| There are 8 basic states that depend on how many requests have been
accumulated in this cycle. The probabilities of being in each of
these states is as follows. Note that the distribution of lengths
can be gotten by subtracting adjacent probabilities. Also, after
eight requests have been accumulated, the next state is S[1], with
probability 1.
S[1]: 0.2999373
S[2]: 0.2666110
S[3]: 0.2036611
S[4]: 0.1300140
S[5]: 6.6607021E-02
S[6]: 2.5681773E-02
S[7]: 6.6275732E-03
S[8]: 8.5911941E-04
In reality, there are 8*2**8 states, where each state depends on the
immediately preceding request, and the set of requests that have already
been made. However, these can be coalesced into 2**7 equivalent states,
by adding some value (mod 8) to the accumulated requests, so that the
last request can be considered a request to 0. This gives a system of
128 equations in 128 unknowns (plus one more equation: the sum of the
probabilities of being in each state must sum to 1). However, the system
has already been 'diagonalized', and is trivially solvable. The above
figures represent sums over these states.

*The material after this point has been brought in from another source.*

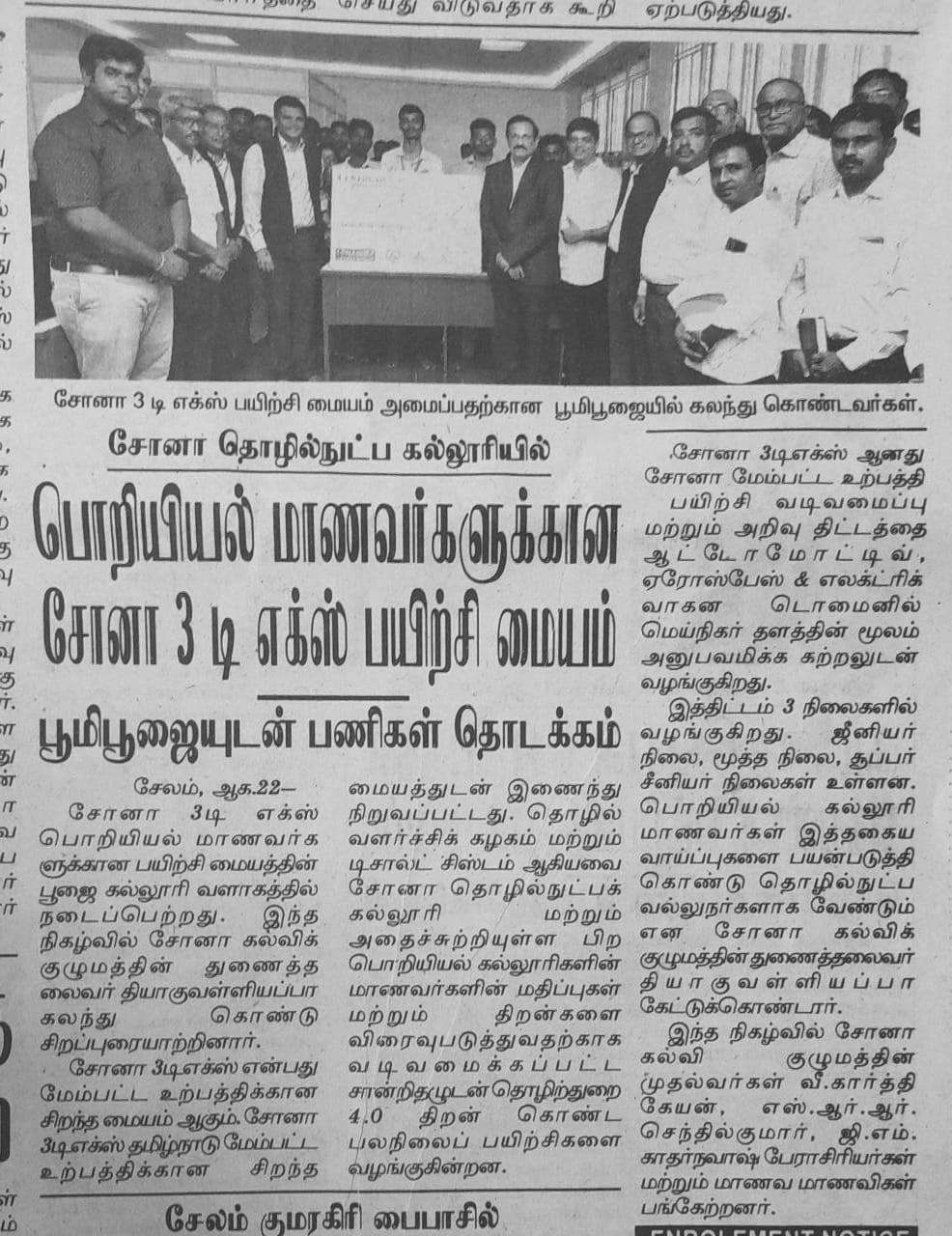 Sona College of Technology started its new center of excellence for design engineering training and solutions, called Sona3DX at our Center of Excellence for Advanced Manufacturing

In case there's some confusion over the above figures, the following are
the corresponding figures for 4-way interleaving.
S[1]: 0.4222972
S[2]: 0.3378378
S[3]: 0.1858108
S[4]: 5.4054052E-02
And 2-way interleaving:
S[1]: 0.6000000
S[2]: 0.4000000
And if you're interested in comparing figures against the case of independent
requests, here they are, too.
S[1]: 0.3081647
S[2]: 0.2696441
S[3]: 0.2022330
S[4]: 0.1263957
S[5]: 6.3197829E-02
S[6]: 2.3699183E-02
S[7]: 5.9247972E-03
S[8]: 7.4059970E-04
- Gilbert
|
| And here's the program (in Bliss). The floating-point figures were
gotten by "Debug> examine/f_float s[0]:s[7]" at the end of the program.

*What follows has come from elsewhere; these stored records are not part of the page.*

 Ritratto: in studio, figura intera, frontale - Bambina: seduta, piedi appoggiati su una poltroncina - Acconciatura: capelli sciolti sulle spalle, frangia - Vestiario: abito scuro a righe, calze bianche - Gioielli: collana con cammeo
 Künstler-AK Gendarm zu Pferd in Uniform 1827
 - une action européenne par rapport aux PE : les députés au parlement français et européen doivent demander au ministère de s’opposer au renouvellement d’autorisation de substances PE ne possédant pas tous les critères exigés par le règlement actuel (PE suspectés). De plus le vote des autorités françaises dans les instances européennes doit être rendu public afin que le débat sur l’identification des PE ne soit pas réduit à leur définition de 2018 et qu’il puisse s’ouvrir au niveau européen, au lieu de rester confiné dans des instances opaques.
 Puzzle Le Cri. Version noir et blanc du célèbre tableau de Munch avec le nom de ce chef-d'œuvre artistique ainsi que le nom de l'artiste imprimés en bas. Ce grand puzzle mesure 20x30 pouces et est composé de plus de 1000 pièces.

module thaller (main=main, addressing_mode(external=general))=
begin
literal k_leaves = 8;
literal k_states = 1^(k_leaves-1);
own p: vector[k_states],
t: vector[k_leaves],
s: vector[k_leaves];
routine cnt (x: bitvector[%bpval]) =
begin
local c: initial(0);
decr i from %bpval-1 to 0 do if .x[.i] then c = .c + 1;
return .c;
end;
routine next_state (cs, nb) =
begin
local x;
x = (2*.cs + 1);
x = .x ^ k_leaves or .x;
if .x<.nb,1,0> then return 0; ! Is bit nb set in here?

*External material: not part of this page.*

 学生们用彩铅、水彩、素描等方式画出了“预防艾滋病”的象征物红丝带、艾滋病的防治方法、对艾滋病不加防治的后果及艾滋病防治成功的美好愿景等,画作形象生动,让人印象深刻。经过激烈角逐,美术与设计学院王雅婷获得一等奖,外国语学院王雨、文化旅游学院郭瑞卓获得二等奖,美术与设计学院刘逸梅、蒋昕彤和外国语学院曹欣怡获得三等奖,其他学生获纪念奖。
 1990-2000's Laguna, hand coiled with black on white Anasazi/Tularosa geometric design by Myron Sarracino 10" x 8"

x = (.x^-(.nb+1)) and (k_states-1);
return .x;
end;
routine main =
begin
builtin
cvtlf,
divf,
addf,
mulf;
local
x_one, ! 1.0
x_frac, ! 1/(k_leaves+1)
x_sum;
ch$fill(0, %allocation(p), p[0]);
ch$fill(0, %allocation(t), t[0]);
ch$fill(0, %allocation(s), s[0]);
cvtlf(%ref(1), x_one);
cvtlf(%ref(k_leaves+1), x_frac);
divf(x_frac, x_one, x_frac);
! T[i] is the probability that the next reference
! after x[k] is x[(k+i) mod k_leaves]
!
incr i from 0 to k_leaves-1 do t[.i] = .x_frac;
addf(x_frac, t[1], t[1]);
! P[i] is the probability that we're in state i.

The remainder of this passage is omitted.